Um aspecto interessante é que na música você raramente usa pedaços de letras ou melodias que não conseguiu concluir, mas na arte plástica você pode ter como base um caderno antigo com rascunhos e esboços de ideias, o que também fica bem bonito visualmente. Acaba sendo a exploração de outro material, além do que veremos na pintura.
Atinge-me totalmente a ida e vinda das ideias. Por vezes estou dirigindo um carro ou assistindo a um filme e de repente surge uma ideia, mas logo penso que ela nunca mais voltará à minha cabeça do modo original. Então tenho que sair correndo para escrever. Também consigo utilizar um gravador ou o caderninho para fazer as anotações das minhas inspirações e algumas delas eu consigo levar adiante.
Pintar com palavras
Meu pai escrevia poemas e minha mãe tocava piano, logo essas duas forças criativas, o som e a palavra, sempre me acompanharam. Em especial com a pintura; algumas palavras vêm e permanecem em minha mente, sem eu saber por qual razão elas surgiram. Daí eu entro no desenvolvimento da ideia, em função da semente que eu plantei e às vezes acontecem coisas muito boas.

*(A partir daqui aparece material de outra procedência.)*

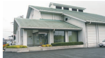
埋蔵文化財センター 川越駅(八幡団地経由)行きバス柏崎下車徒歩15分 【休】土・日・祝 年末年始 TEL 0493-27-0333

東松山市には、先人が残した数多くの遺跡が存在します。展示室では、市内の遺跡を代表する出土品を年代順に展示し、開放廊下からは整理作業の様子を見ることができます。

Em um quadro fiz um trocadilho com a palavra barroco. Estava em Minas Gerais e lá é forte a noção de preservar a arquitetura local, o que nem sempre é respeitado, porque vemos uma fachada linda e dentro do prédio ou da casa é uma bagunça, não é conservado. Dessa relação surgiu o trocadilho para o quadro, “bar oco” com barroco. Por isso eu digo que há ideias que surgem quando não esperamos e que dão resultados muito bons.
Querido e na vanguarda
Quando concordei em participar do documentário Loki (lançado em 2008) mantinha em mente a premissa de agir naturalmente. Além de ser um registro musical, foi uma tentativa de me aproximar das pessoas. Eu compus o LP Loki (1974) e não tinha noção do quanto as pessoas iriam gostar do título. Mas eu apostei, funcionou e o documentário foi muito bem-aceito.
Às vezes penso em até que ponto meu trabalho alcança o público, mas vejo que no final das contas é na simplicidade que encontramos a plenitude das respostas.
É isso que eu acho importante, pois minha música está sendo alegre o suficiente para entusiasmar os mais jovens, que não acompanharam o começo da minha carreira. O impacto que a obra ainda causa é ao mesmo tempo interessante e difícil de prever. Nesse sentido eu me sinto profundamente ligado aos jovens, até mais do que no tempo em que eu estava nos mutantes. Estou atingindo o sanguinho novo.